(Source data)

BEGIN

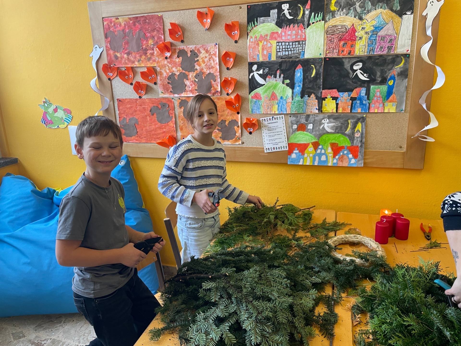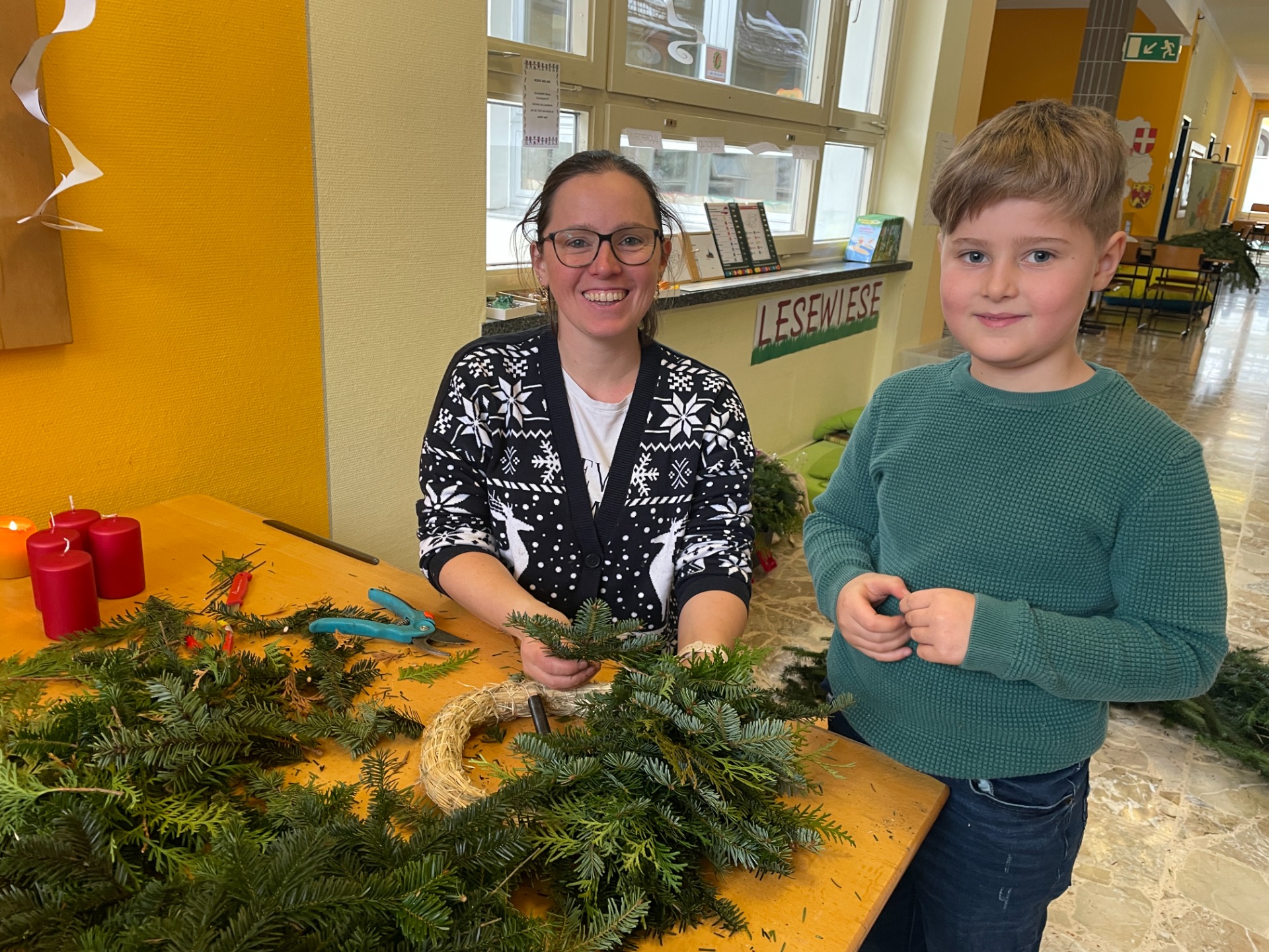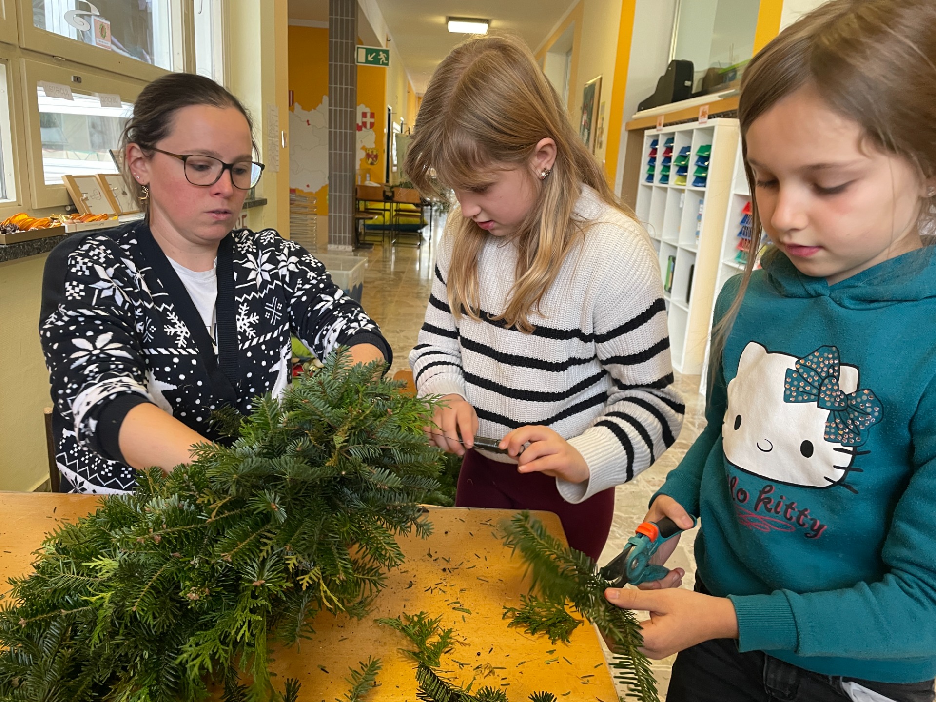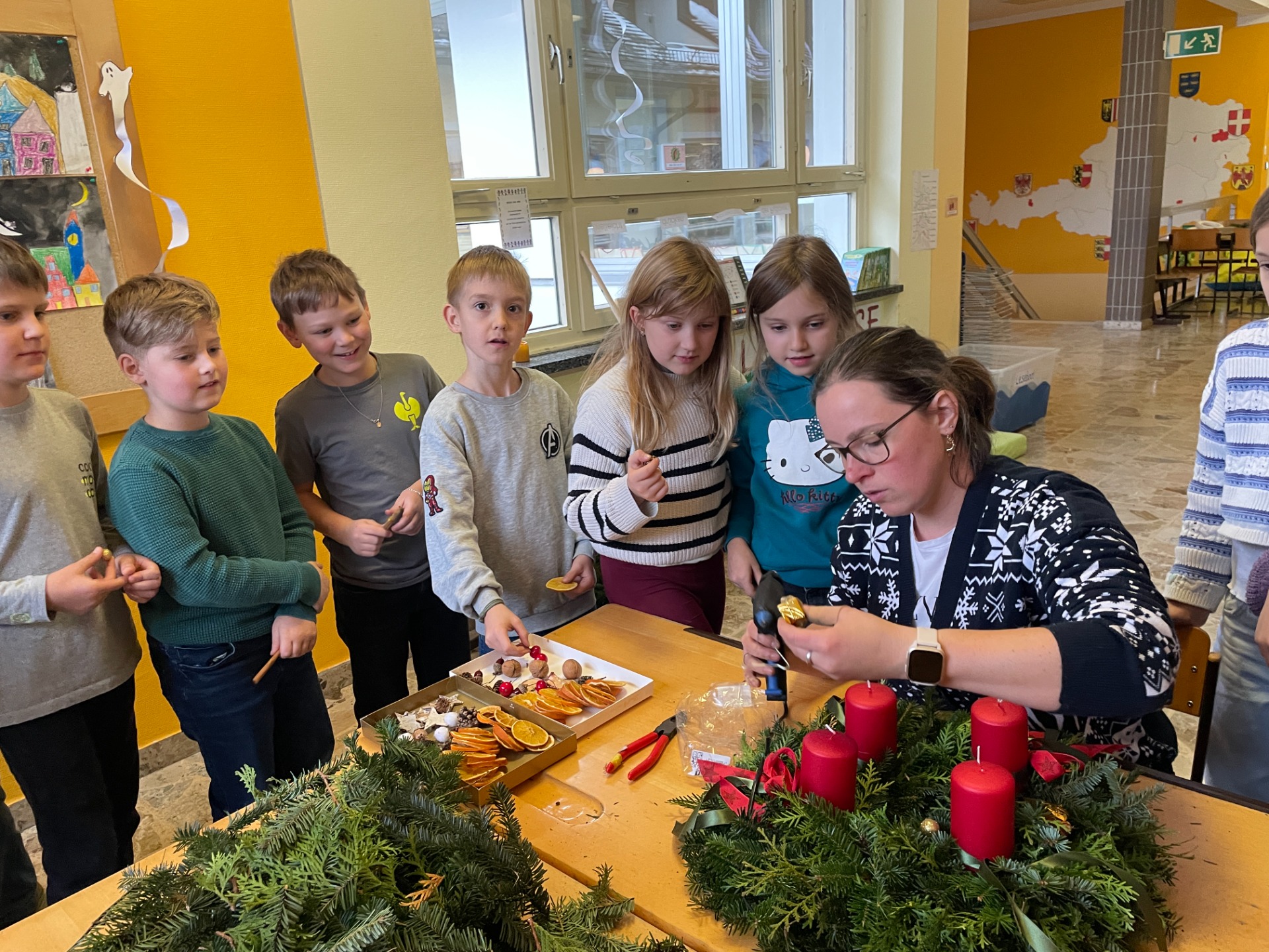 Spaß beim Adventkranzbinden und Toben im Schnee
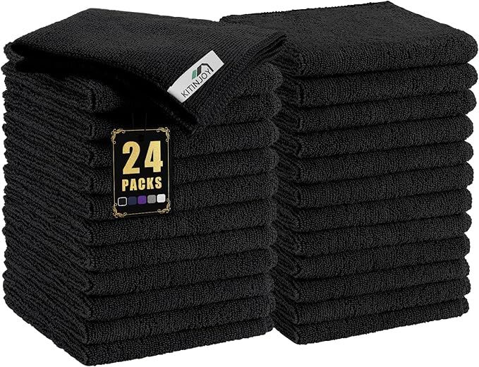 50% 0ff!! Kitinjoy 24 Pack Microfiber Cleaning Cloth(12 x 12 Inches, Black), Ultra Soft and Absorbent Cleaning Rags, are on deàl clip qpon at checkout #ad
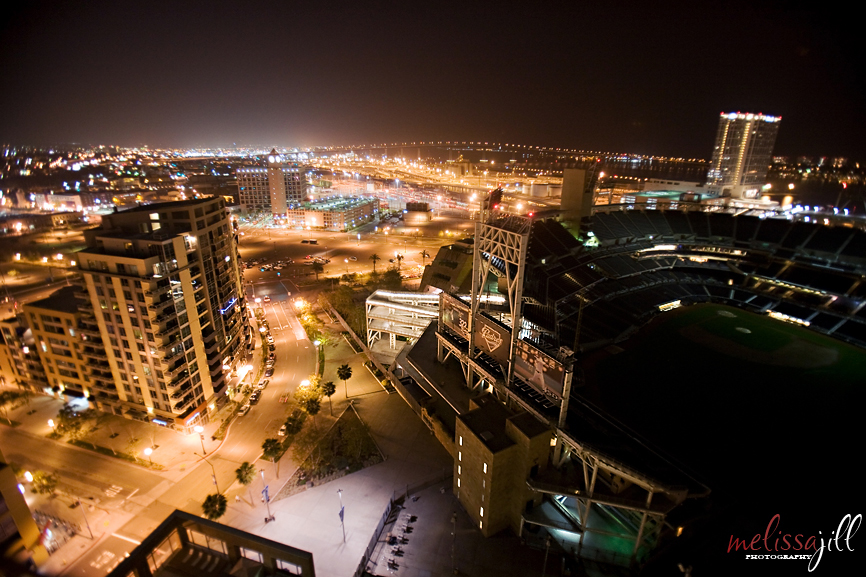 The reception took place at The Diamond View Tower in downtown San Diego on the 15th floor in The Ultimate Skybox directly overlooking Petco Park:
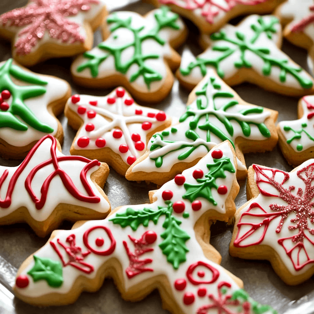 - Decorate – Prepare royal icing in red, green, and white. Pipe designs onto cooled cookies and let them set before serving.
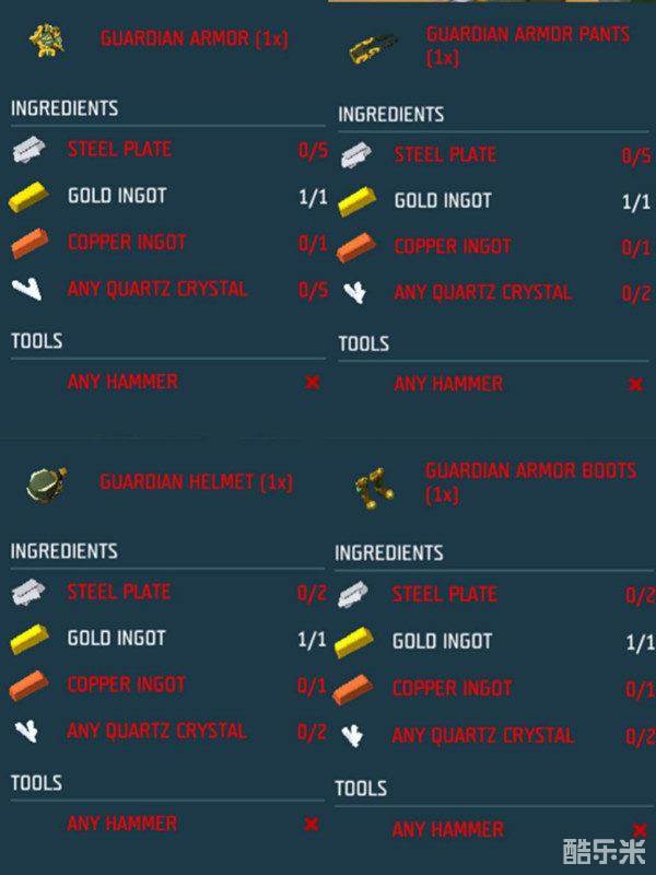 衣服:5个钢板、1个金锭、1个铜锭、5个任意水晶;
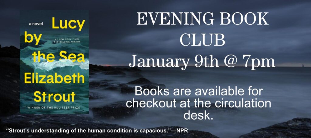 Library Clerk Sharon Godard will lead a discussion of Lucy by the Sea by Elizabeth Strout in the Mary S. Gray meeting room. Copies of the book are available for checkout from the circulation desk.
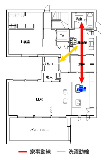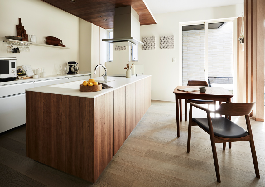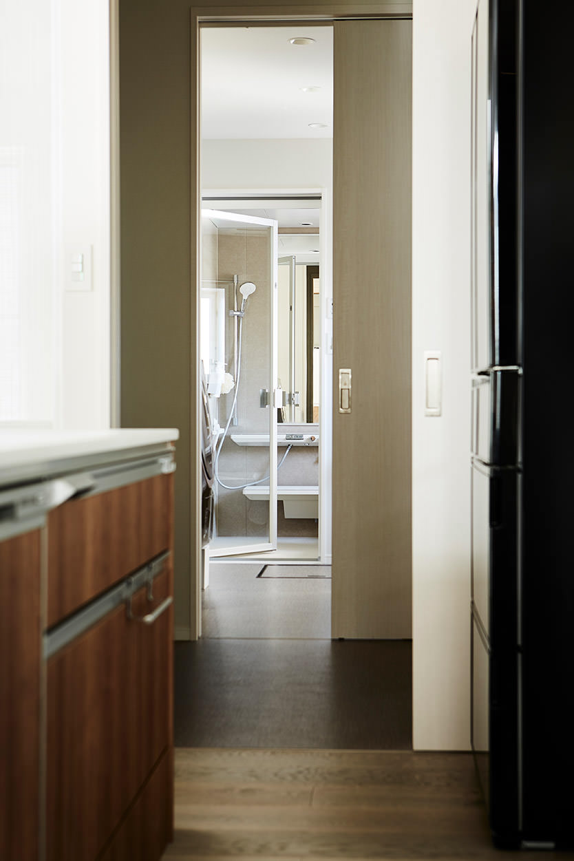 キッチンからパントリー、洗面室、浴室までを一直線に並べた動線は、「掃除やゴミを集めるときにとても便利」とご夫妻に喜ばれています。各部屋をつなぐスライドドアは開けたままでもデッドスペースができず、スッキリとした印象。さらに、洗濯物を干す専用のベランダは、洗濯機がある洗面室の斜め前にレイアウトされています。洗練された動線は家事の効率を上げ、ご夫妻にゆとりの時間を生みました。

END

Render the records above word for word and leave the pictures out.

 Spaß beim Adventkranzbinden und Toben im Schnee
 50% 0ff!! Kitinjoy 24 Pack Microfiber Cleaning Cloth(12 x 12 Inches, Black), Ultra Soft and Absorbent Cleaning Rags, are on deàl clip qpon at checkout #ad
 The reception took place at The Diamond View Tower in downtown San Diego on the 15th floor in The Ultimate Skybox directly overlooking Petco Park:
 - Decorate – Prepare royal icing in red, green, and white. Pipe designs onto cooled cookies and let them set before serving.
 衣服:5个钢板、1个金锭、1个铜锭、5个任意水晶;
 Library Clerk Sharon Godard will lead a discussion of Lucy by the Sea by Elizabeth Strout in the Mary S. Gray meeting room. Copies of the book are available for checkout from the circulation desk.
 キッチンからパントリー、洗面室、浴室までを一直線に並べた動線は、「掃除やゴミを集めるときにとても便利」とご夫妻に喜ばれています。各部屋をつなぐスライドドアは開けたままでもデッドスペースができず、スッキリとした印象。さらに、洗濯物を干す専用のベランダは、洗濯機がある洗面室の斜め前にレイアウトされています。洗練された動線は家事の効率を上げ、ご夫妻にゆとりの時間を生みました。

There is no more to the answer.